4.8. The Cellular Thermal Shift Assay (CETSA)
Cells were pre-treated with the compound of indicated concentrations for 1 h. Cells were collected and transferred to PCR tubes for incubation at different temperatures for 3 min. Samples were then treated with three freeze/thaw cycles in liquid nitrogen. Insoluble proteins were separated by centrifugation, and the soluble proteins were analyzed using Western blotting.
4.9. Molecular modeling
All calculations were performed using the Schrödinger Suite (LLC, New York, NY, USA). The VEGFR2 complex (PDB ID: 4AG8) was used for docking studies.

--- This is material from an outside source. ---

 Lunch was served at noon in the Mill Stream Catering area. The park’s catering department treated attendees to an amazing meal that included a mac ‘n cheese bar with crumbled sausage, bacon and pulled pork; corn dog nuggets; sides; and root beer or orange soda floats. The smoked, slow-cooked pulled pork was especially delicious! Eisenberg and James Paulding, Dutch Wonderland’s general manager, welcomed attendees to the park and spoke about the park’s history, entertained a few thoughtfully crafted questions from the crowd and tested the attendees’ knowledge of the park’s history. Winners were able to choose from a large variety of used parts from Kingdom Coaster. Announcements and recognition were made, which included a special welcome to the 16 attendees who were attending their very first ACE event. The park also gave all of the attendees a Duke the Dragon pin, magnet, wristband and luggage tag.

The crystal structure was prepared using the Protein Preparation Wizard. The ligand structures were built in Maestro and prepared for docking using LigPrep (LigPrep 3.4, Schrödinger) and further docked into the receptor by the IFD protocol (Induced Fit Docking protocol, Schrödinger).

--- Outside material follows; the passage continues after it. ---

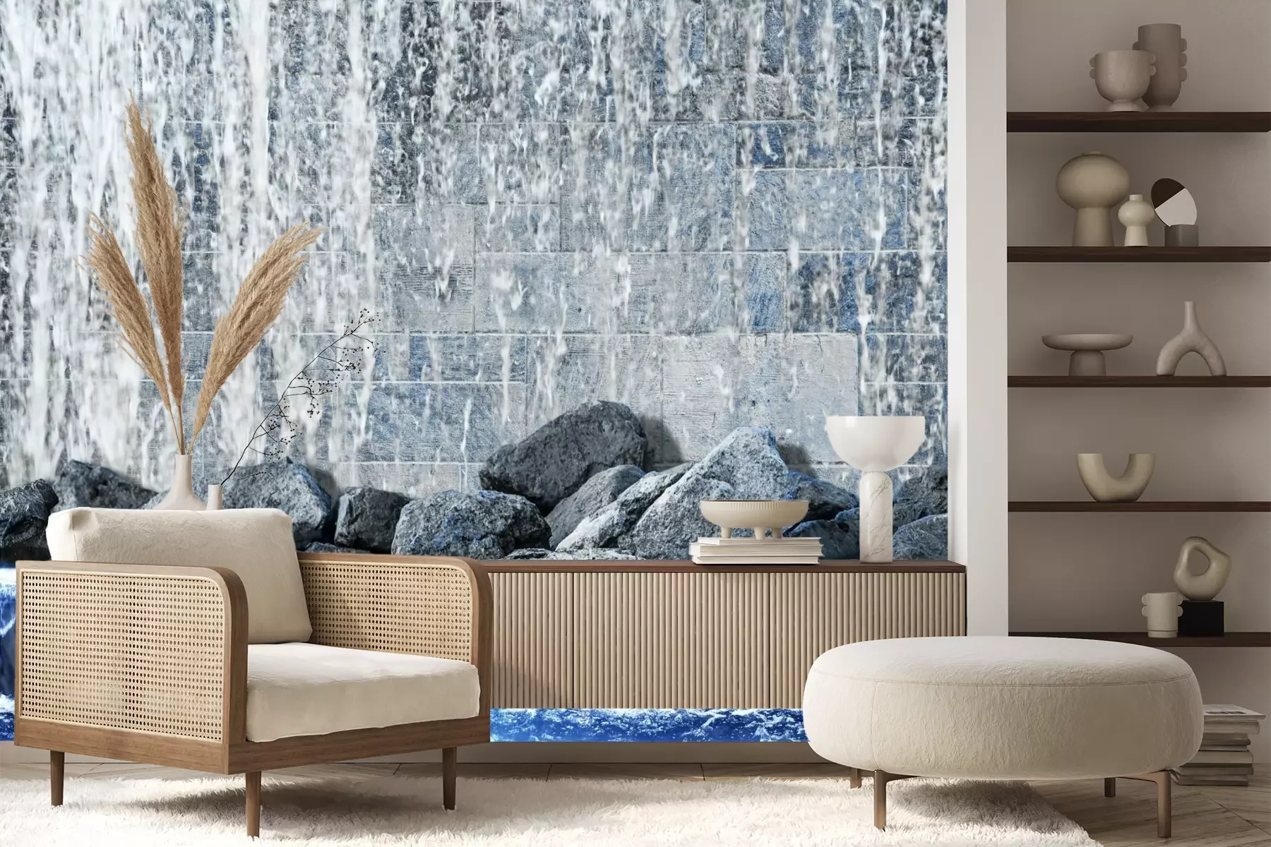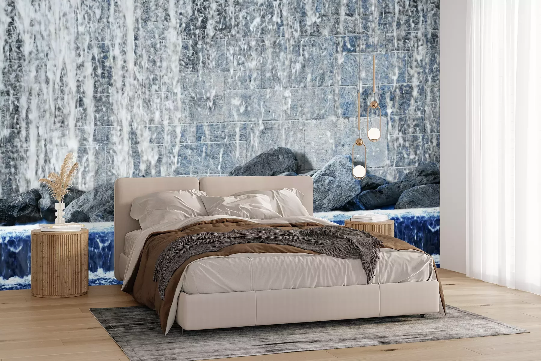 Het materiaal Premium+ is een gestructureerd vinyl op vlies met een gewicht van 255 g/m², dat kleine oneffenheden in de muur effectief camoufleert. De subtiele structuur van fijn zand geeft het oppervlak een exclusieve uitstraling, terwijl de halfmatte afwerking de diepte van de kleuren benadrukt. Het materiaal is dampdoorlatend, waardoor het ook in de keuken en badkamer kan worden gebruikt. De maximale breedte van één baan bedraagt 100 cm – bij grotere afmetingen wordt het fotobehang in meerdere gelijke banen verdeeld. De lijm wordt direct op de muur aangebracht en het behang wordt rand-aan-rand geplakt, wat zorgt voor een esthetisch resultaat zonder zichtbare naden. Het oppervlak kan gemakkelijk worden schoongemaakt door het voorzichtig af te nemen met een vochtige doek.

4.10. Tube formation assay
To investigate the effect of CHMFL-VEGFR2-002 on HUVEC tube formation, Matrigel (BD Biosciences, Lake Franklin, NJ, USA) was placed in pre-chilled 96-well plates (70 μL/well) and polymerized at 37 °C for 30 min. HUVEC cells suspended in complete medium was seeded on Matrigel at a density of 8 × 103 cells/well with vehicle or CHMFL-VEGFR2-002. After 24 h of incubation, the tubular structure was observed under an optical microscope. Finally, network formation was quantified by the total length (pixels) of the branches using ImageJ image analysis software (http://rsbweb.nih.gov/ij/).
4.11. Wound healing assay
Monolayer HUVEC cells were seeded into 24-well plates and then injured with a yellow pipette tip. The cells were washed with PBS (pH 7.4). A new complete medium containing DMSO or different concentrations of CHMFL-VEGFR2-002 was added to the scratched monolayer. The plates were incubated for 24 h as above. Images were taken with an OLYMPUS digital camera (Tokyo, Japan) and analyzed by ImageJ (Bethesda, USA).

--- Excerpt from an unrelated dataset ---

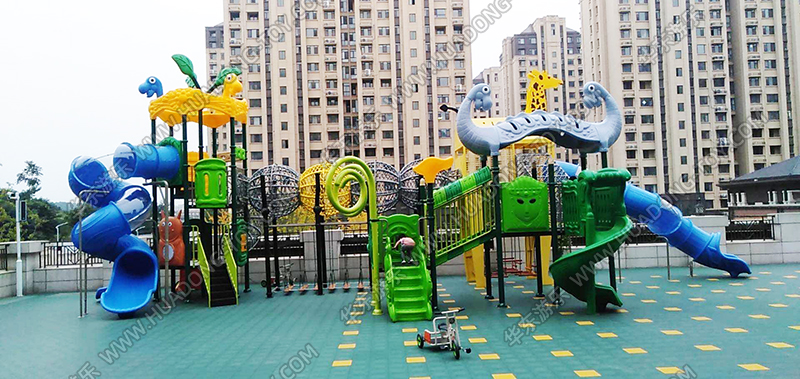 該幼兒園項目采用的是華東游樂自主研發(fā)的動物世界系列大型滑梯組合,該滑梯以可愛的小動物為設計模型,讓小朋友可以和諧的與小動物相處,教育他們能夠保護小動物,愛護小動物。

4.12. Transwell invasion assay
A transwell plate filter was coated with 40 μL Matrigel (BD Biosciences) for 4 h at 37 °C. After Matrigel polymerization, 100 μL of complete medium was filled in the bottom chamber, and 100 μL of free FBS medium and 5 × 104 HUVEC were added to the top chamber. The top chamber contained DMSO or various concentrations of CHMFL-VEGFR2-002. After 24 h, the migrated cells were fixed with methanol and the non-migrating cells were scraped off with cotton. The migrated cells were then stained with 0.05% crystal violet and photographed under a light microscope.
4.13. Pharmacokinetics study
This study protocol was approved by the Hefei Institutes of Physical Science Ethics Committee (Hefei, China). The male Sprague–Dawley rats (200 g) were provided by Laboratory Animal Center of Anhui Medical University (Hefei, China). Pharmacokinetics study were performed as previously described29.
4.14. Acute toxicity study
Study was performed in five-week-old ICR female mice purchased from Nanjing Biomedical Research Institute, Nanjing University (Nanjing, China), and was approved by the Hefei Institutes of Physical Science Ethics Committee, Chinese Academy of Sciences (Hefei, China). Animals were acclimatized to the facilities for three day and then fasted for 12 h with free access to water before experiment. 12 mice were randomly and equally divided into six groups for one compound's acute toxicity study with oral administration at doses of 0, 125, 250, 500, 1000 and 2000 mg/kg. The animals were observed for 7 days and their weights were recorded every day.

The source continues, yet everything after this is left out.